AVAILABLE DATA:
*** Begin section ***
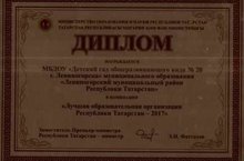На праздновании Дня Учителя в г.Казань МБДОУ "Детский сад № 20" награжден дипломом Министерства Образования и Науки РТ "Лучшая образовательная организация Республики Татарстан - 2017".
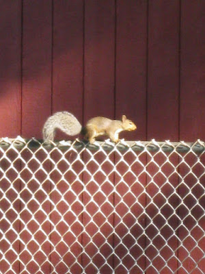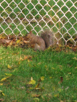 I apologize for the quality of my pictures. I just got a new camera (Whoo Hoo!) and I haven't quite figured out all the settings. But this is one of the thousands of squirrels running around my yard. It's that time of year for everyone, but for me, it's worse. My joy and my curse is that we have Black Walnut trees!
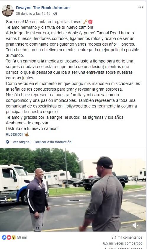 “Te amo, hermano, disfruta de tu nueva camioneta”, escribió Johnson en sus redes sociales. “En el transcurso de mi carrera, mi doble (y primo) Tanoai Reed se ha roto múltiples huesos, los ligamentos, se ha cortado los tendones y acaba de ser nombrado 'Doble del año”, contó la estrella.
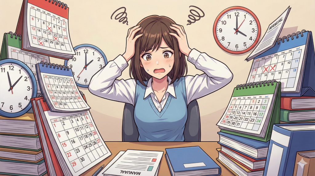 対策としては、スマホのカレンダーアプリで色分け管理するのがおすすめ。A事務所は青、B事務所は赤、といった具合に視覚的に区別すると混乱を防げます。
*** End section ***
WORK TASK: The output must start at the line holding "contó la estrella.", end at the last line of the listing above, and show each line exactly; please omit all pictures.

ANSWER SECTION:
 “Te amo, hermano, disfruta de tu nueva camioneta”, escribió Johnson en sus redes sociales. “En el transcurso de mi carrera, mi doble (y primo) Tanoai Reed se ha roto múltiples huesos, los ligamentos, se ha cortado los tendones y acaba de ser nombrado 'Doble del año”, contó la estrella.
 対策としては、スマホのカレンダーアプリで色分け管理するのがおすすめ。A事務所は青、B事務所は赤、といった具合に視覚的に区別すると混乱を防げます。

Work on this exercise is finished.